Dan Morehead: (23:24)
And the bitcoin maximalist in you would lead me to point out that other things in the blockchain space are massively outpacing bitcoin. We're very bullish on bitcoin but other things have done well. Ethereum's up almost 200% year-to-date. So the blockchain space is really surging. Kind of a good mix of all the assets is a fund we run that invests in all the major currencies, trades them on a long short basis, it's up 122% this year. So the market is ripping. In the next couple years we'll probably see more of that.

Brett Messing: (23:59)
Right.

Michael Sonnenshein: (23:59)
I think, I've been through quite a few bubbles and bursts in the bitcoin price. And if you kind of look at the repetitive nature of this, bitcoin kind of goes through these big bubbles, it bursts, it kind of bases for a while, and then kind of makes its next move. I think certainly one thing that we probably would not want to see is just one of these parabolic moves out of nowhere because they're just not sustainable and they don't necessarily inspire a ton of investor confidence. But typically, when you see bitcoin going through this kind of range-bound time where it is now, flirting between kind of $10,000 and $12,000, it usually predates a pretty dramatic move in the bitcoin price, either to the upside or to the downside. And I think one of the reasons why we're seeing a period of more sustained price movement just kind of being in this range bound area really has to do with the development of a much healthier two-sided market.

Michael Sonnenshein: (25:01)
One of the things that I think has been a catalyst to draw a lot more investors into this asset class is the development of the derivatives market around digital assets, bitcoin and others are really healthy lending and borrowing market, the ability for folks to short.
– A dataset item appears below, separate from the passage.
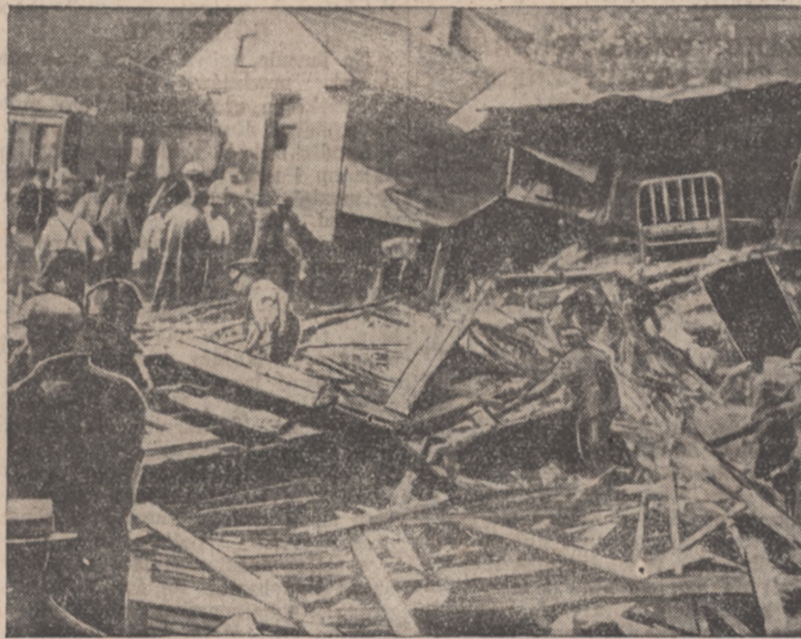
NIEZWYKŁA KATASTROFA SAMOCHODOWA

W dziennikach warszawskich pojawiły się charakterystyczne dla obecnych czasów ogłoszenia. Oferują się tam np. służące bezpłatne (!) do pracy i do gospodarstwa wiejskiego. — Nie mogąc, widać, znaleźć posad płatnych, ofiarują swe usługi bez poborów, byleby tylko za pracę mieć utrzymanie. Inne znów ogłoszenie donosi, że „inteligentka pragnie zostać pokojówką lub boną do dzieci“.

I mean, a lot of the institutions that we deal with would not be making their bitcoin investments in the way or the magnitude that they are if they weren't having the ability to put on a bonafide hedge against those positions. And that really again speaks to kind of the build out of the infrastructure. And to Dan's point, whether it's custodianship, the development of the futures on CME Group, what Bakkt is doing at NYSE, all of these are really important developments.

Brett Messing: (25:46)
Mm-hmm (affirmative). No, it feels like it's grown up a lot. In addition, you have very big four accounting firms willing to write audits about it, and Microstrategy and Square submitting SEC filings with it on their balance sheet, so I think it's interesting.

Brett Messing: (26:07)
It feels like more and more people are talking about it as digital gold. Dan, is that the right way to think about it, and does the macro trader in you like the idea of a long bitcoin short gold trade?

Dan Morehead: (26:20)
Oh yeah, I love that trade. Gold's been awesome for 5,000 years, but it's a little past its sell by date. And bitcoin is the 21st century version of gold. You can do everything the same as gold, is a fixed quantity. It's like the gold standard. But you can send it in one second to anyone anywhere on earth essentially for free, which is different if you have a lot of your savings as a brick of gold in a vault in Zurich. So digital gold is one of the many use cases of blockchain. Bitcoin's fantastic version of that. And you're seeing it in countries. Like China used to be one of the largest importers of gold. It's now one of the largest importers of bitcoin. It's just a great way to store your wealth, get it out of banking systems that might be suspect.

Dan Morehead: (27:05)
So I think one of the great use cases of bitcoin is digital gold. And with all the money printing that's happening right now, it's very much front and center all the gold bugs that I know are at least shifting some of their assets into bitcoin. And you mentioned Paul Tudor Jones. He wrote his investor letter a few months ago. It reminds him of gold in the '70s. And I think that's a great analog that in the '70s we were heading into a period of very high global inflation. The US even had the long bond go to 13%, and gold performed very well. I think we have even bigger version of that now.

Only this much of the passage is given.